(What the task asks) Set the records down again in full, exactly as they are, apart from the images.

Available data: Begin

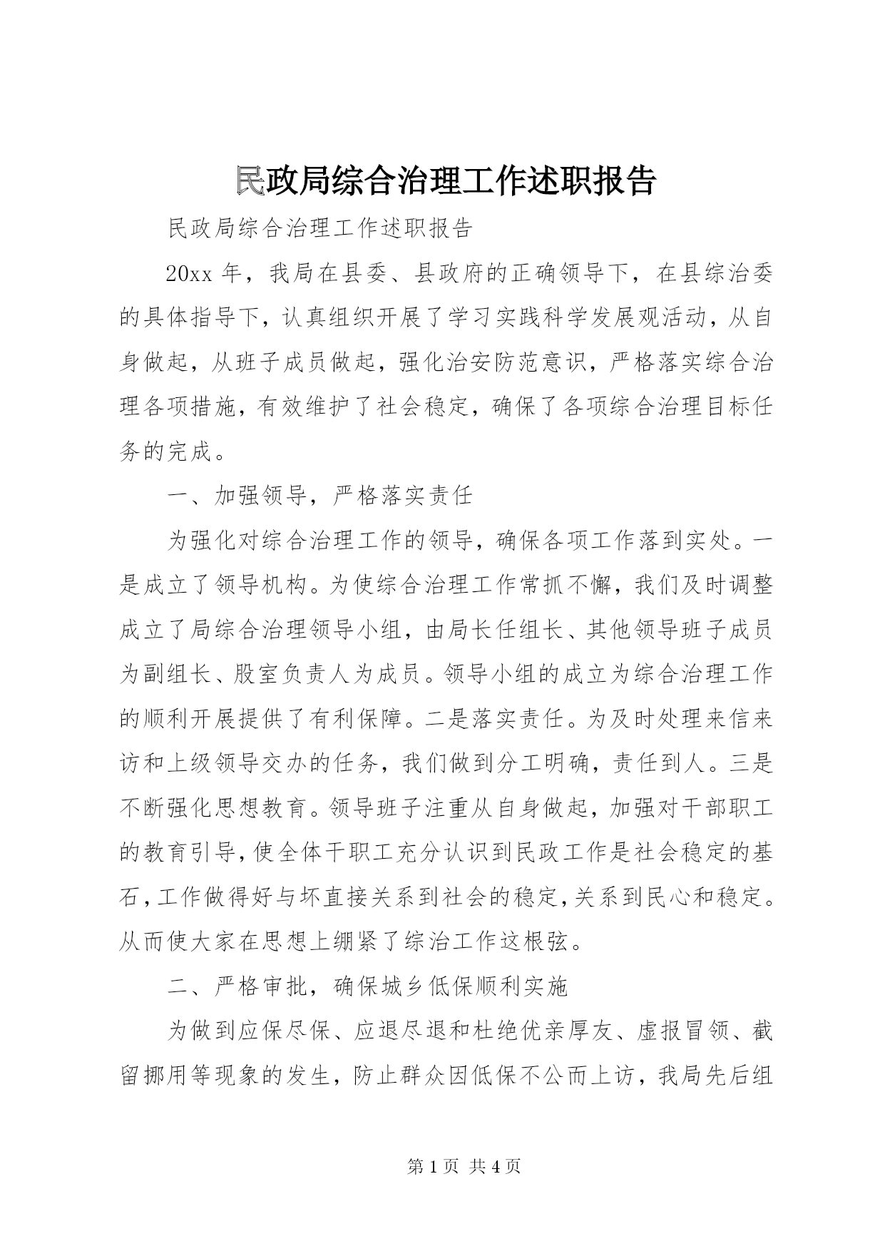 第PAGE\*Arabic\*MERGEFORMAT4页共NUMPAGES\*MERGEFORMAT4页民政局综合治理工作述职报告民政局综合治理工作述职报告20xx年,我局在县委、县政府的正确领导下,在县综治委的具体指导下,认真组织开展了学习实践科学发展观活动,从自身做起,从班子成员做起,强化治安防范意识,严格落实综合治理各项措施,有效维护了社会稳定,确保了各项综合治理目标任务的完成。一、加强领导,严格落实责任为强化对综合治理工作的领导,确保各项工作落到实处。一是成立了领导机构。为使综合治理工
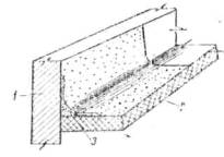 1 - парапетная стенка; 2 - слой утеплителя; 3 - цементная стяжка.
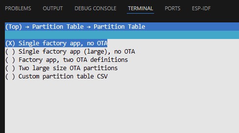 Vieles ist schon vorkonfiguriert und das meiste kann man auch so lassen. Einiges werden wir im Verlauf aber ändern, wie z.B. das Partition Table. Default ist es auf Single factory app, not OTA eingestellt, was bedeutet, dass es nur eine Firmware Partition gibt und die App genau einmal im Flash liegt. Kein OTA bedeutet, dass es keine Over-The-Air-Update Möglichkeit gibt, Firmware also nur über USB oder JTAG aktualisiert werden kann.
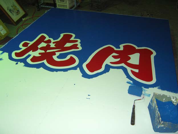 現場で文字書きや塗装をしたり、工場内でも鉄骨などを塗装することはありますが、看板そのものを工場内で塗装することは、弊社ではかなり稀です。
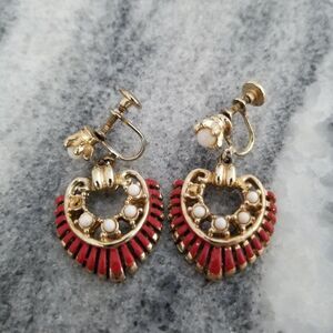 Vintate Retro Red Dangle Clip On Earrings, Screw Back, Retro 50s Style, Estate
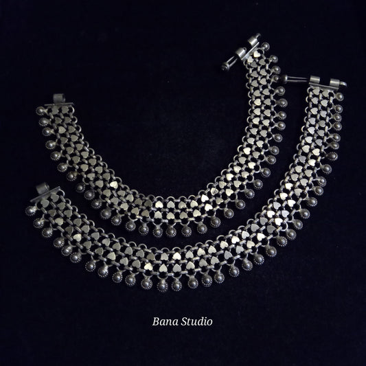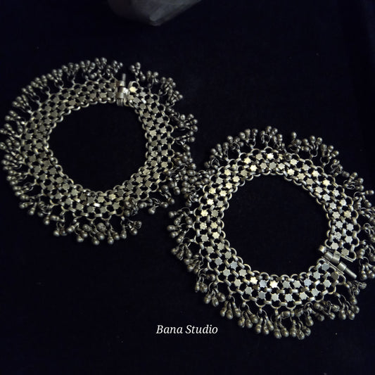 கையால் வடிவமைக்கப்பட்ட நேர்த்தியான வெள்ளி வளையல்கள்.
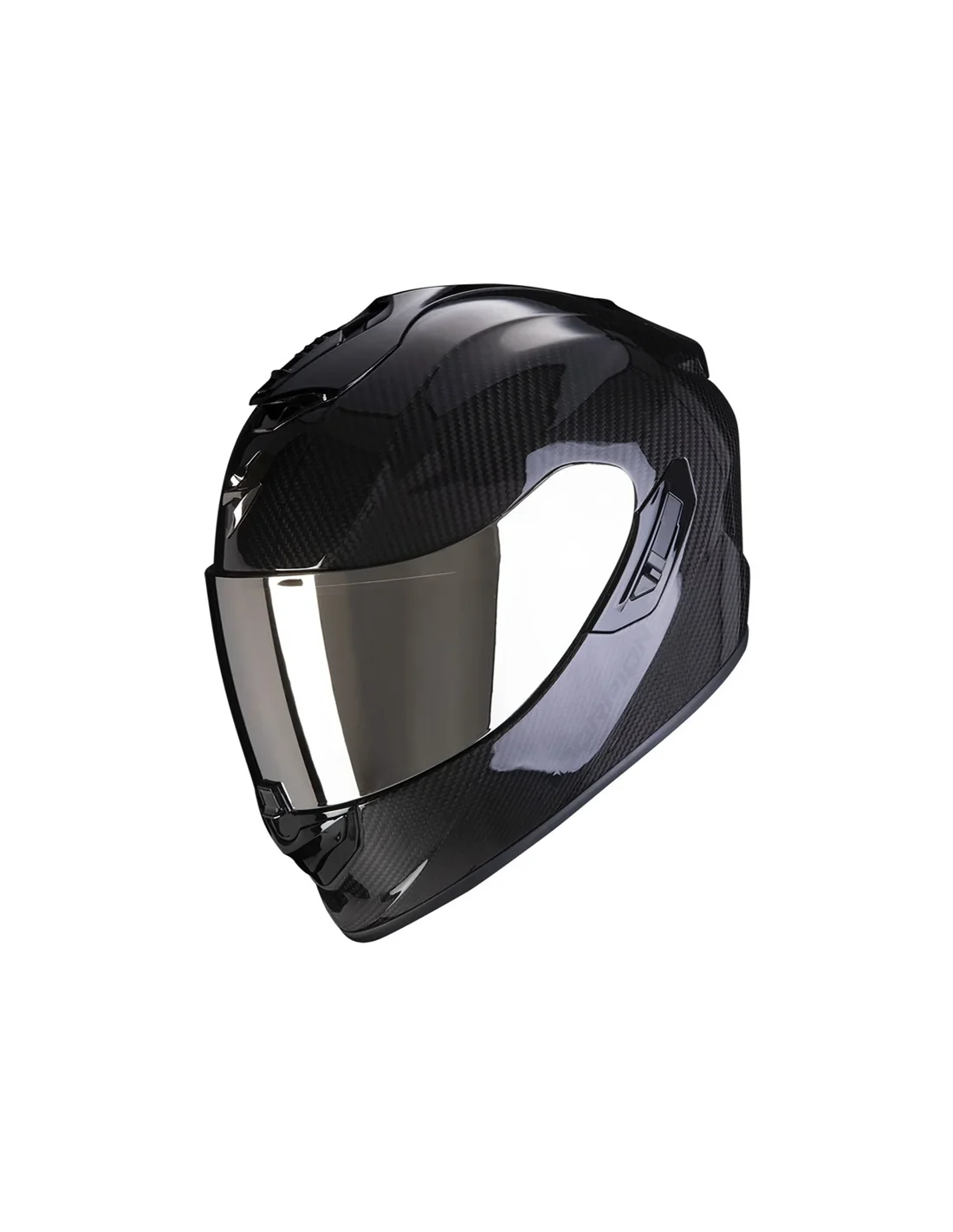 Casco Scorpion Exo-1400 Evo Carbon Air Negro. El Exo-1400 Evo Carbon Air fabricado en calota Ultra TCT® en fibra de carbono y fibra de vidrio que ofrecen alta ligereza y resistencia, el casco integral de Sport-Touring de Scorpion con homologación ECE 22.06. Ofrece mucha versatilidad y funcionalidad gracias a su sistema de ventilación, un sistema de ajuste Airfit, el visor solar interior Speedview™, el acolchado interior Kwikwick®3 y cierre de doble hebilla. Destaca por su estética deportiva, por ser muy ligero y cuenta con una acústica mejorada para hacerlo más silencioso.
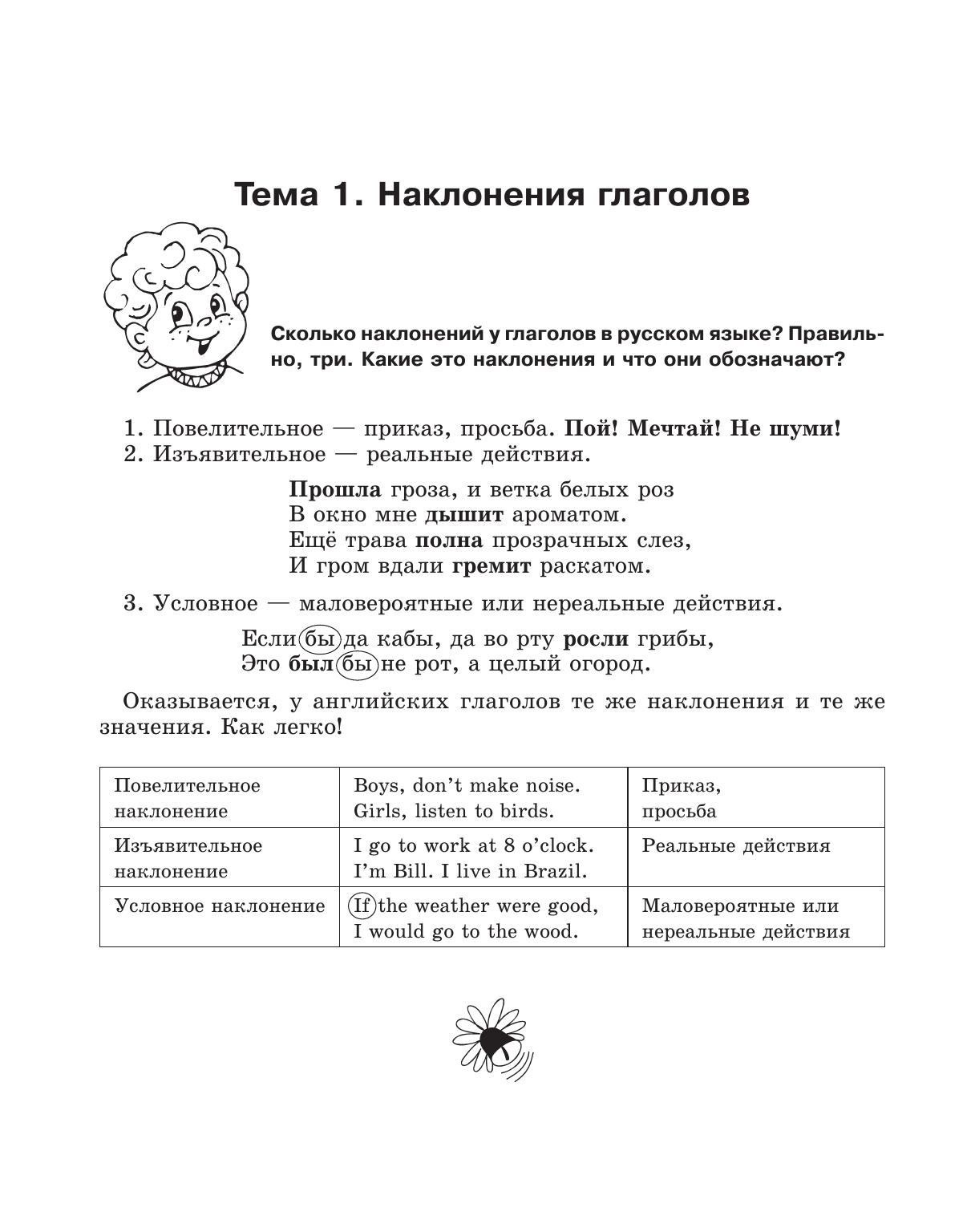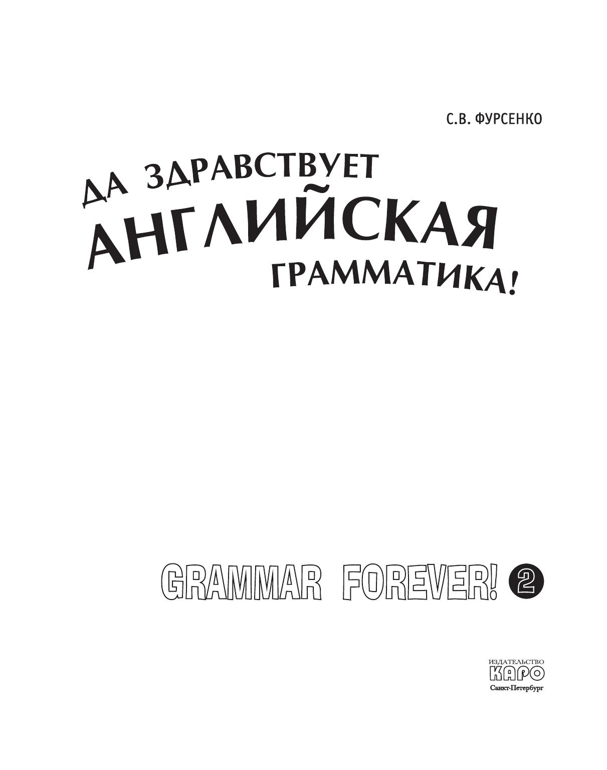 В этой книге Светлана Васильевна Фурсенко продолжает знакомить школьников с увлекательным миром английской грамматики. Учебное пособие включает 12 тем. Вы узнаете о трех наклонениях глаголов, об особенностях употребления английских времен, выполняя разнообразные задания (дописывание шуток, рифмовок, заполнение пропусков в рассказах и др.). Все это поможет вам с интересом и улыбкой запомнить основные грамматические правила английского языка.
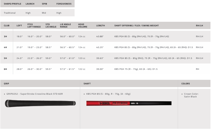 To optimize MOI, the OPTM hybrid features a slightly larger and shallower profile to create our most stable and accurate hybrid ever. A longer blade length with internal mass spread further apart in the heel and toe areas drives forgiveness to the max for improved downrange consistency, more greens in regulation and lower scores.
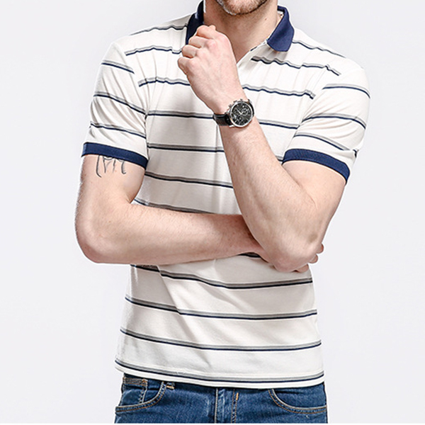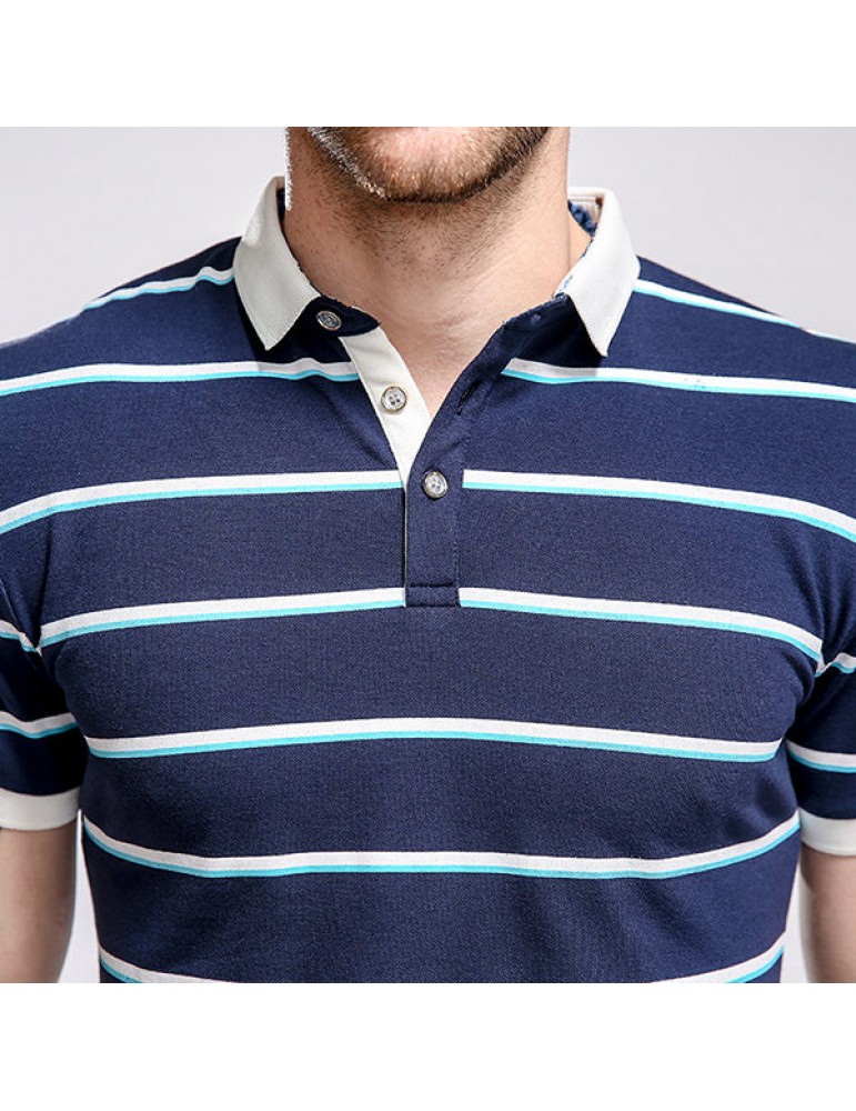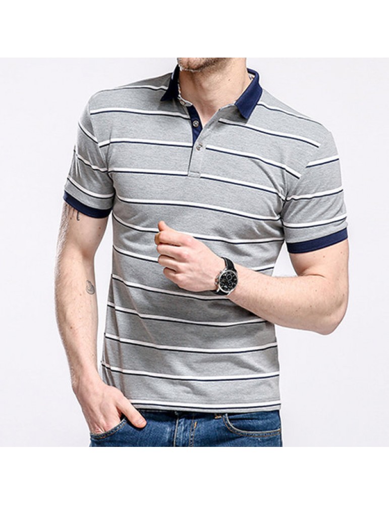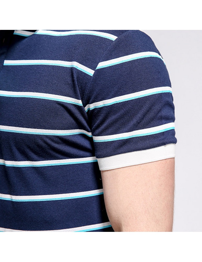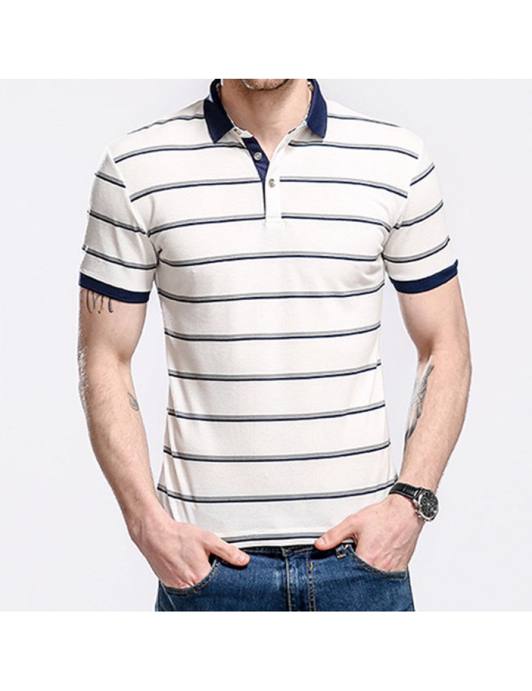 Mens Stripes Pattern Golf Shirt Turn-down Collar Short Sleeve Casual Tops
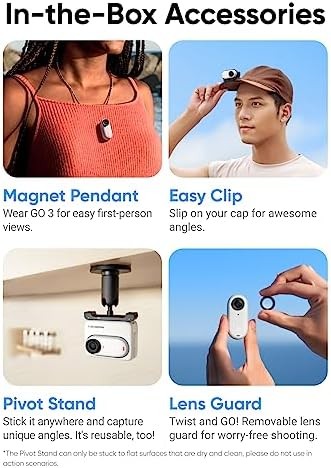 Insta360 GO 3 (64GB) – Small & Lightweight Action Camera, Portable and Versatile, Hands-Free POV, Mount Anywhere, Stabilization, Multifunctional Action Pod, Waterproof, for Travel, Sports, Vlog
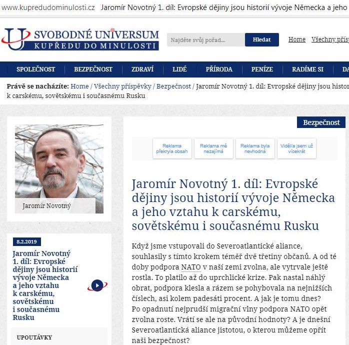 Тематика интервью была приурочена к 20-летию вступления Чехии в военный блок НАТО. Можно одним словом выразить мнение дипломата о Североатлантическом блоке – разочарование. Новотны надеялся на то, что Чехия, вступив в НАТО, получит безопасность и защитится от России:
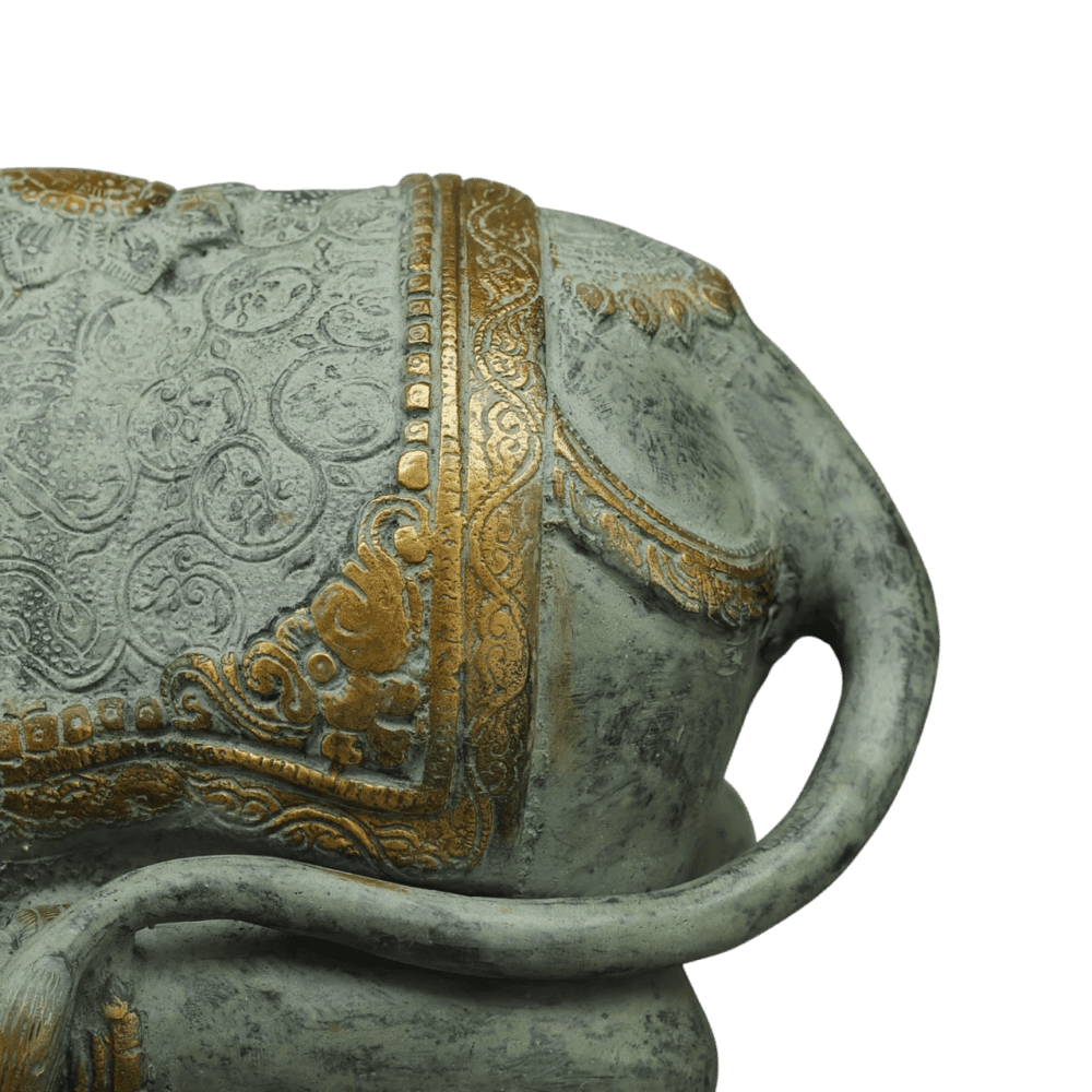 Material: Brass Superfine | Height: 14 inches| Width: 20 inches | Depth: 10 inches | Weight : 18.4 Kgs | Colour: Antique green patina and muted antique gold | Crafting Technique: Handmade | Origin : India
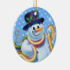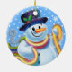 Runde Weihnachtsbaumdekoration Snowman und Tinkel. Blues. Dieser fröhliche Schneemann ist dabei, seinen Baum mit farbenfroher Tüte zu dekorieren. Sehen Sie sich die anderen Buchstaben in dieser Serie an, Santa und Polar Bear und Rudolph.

Available data: End

(Exercise answer)
 第PAGE\*Arabic\*MERGEFORMAT4页共NUMPAGES\*MERGEFORMAT4页民政局综合治理工作述职报告民政局综合治理工作述职报告20xx年,我局在县委、县政府的正确领导下,在县综治委的具体指导下,认真组织开展了学习实践科学发展观活动,从自身做起,从班子成员做起,强化治安防范意识,严格落实综合治理各项措施,有效维护了社会稳定,确保了各项综合治理目标任务的完成。一、加强领导,严格落实责任为强化对综合治理工作的领导,确保各项工作落到实处。一是成立了领导机构。为使综合治理工
 1 - парапетная стенка; 2 - слой утеплителя; 3 - цементная стяжка.
 Vieles ist schon vorkonfiguriert und das meiste kann man auch so lassen. Einiges werden wir im Verlauf aber ändern, wie z.B. das Partition Table. Default ist es auf Single factory app, not OTA eingestellt, was bedeutet, dass es nur eine Firmware Partition gibt und die App genau einmal im Flash liegt. Kein OTA bedeutet, dass es keine Over-The-Air-Update Möglichkeit gibt, Firmware also nur über USB oder JTAG aktualisiert werden kann.
 現場で文字書きや塗装をしたり、工場内でも鉄骨などを塗装することはありますが、看板そのものを工場内で塗装することは、弊社ではかなり稀です。
 Vintate Retro Red Dangle Clip On Earrings, Screw Back, Retro 50s Style, Estate
 கையால் வடிவமைக்கப்பட்ட நேர்த்தியான வெள்ளி வளையல்கள்.
 Casco Scorpion Exo-1400 Evo Carbon Air Negro. El Exo-1400 Evo Carbon Air fabricado en calota Ultra TCT® en fibra de carbono y fibra de vidrio que ofrecen alta ligereza y resistencia, el casco integral de Sport-Touring de Scorpion con homologación ECE 22.06. Ofrece mucha versatilidad y funcionalidad gracias a su sistema de ventilación, un sistema de ajuste Airfit, el visor solar interior Speedview™, el acolchado interior Kwikwick®3 y cierre de doble hebilla. Destaca por su estética deportiva, por ser muy ligero y cuenta con una acústica mejorada para hacerlo más silencioso.
 В этой книге Светлана Васильевна Фурсенко продолжает знакомить школьников с увлекательным миром английской грамматики. Учебное пособие включает 12 тем. Вы узнаете о трех наклонениях глаголов, об особенностях употребления английских времен, выполняя разнообразные задания (дописывание шуток, рифмовок, заполнение пропусков в рассказах и др.). Все это поможет вам с интересом и улыбкой запомнить основные грамматические правила английского языка.
 To optimize MOI, the OPTM hybrid features a slightly larger and shallower profile to create our most stable and accurate hybrid ever. A longer blade length with internal mass spread further apart in the heel and toe areas drives forgiveness to the max for improved downrange consistency, more greens in regulation and lower scores.
 Mens Stripes Pattern Golf Shirt Turn-down Collar Short Sleeve Casual Tops
 Insta360 GO 3 (64GB) – Small & Lightweight Action Camera, Portable and Versatile, Hands-Free POV, Mount Anywhere, Stabilization, Multifunctional Action Pod, Waterproof, for Travel, Sports, Vlog
 Тематика интервью была приурочена к 20-летию вступления Чехии в военный блок НАТО. Можно одним словом выразить мнение дипломата о Североатлантическом блоке – разочарование. Новотны надеялся на то, что Чехия, вступив в НАТО, получит безопасность и защитится от России:
 Material: Brass Superfine | Height: 14 inches| Width: 20 inches | Depth: 10 inches | Weight : 18.4 Kgs | Colour: Antique green patina and muted antique gold | Crafting Technique: Handmade | Origin : India
 Runde Weihnachtsbaumdekoration Snowman und Tinkel. Blues. Dieser fröhliche Schneemann ist dabei, seinen Baum mit farbenfroher Tüte zu dekorieren. Sehen Sie sich die anderen Buchstaben in dieser Serie an, Santa und Polar Bear und Rudolph.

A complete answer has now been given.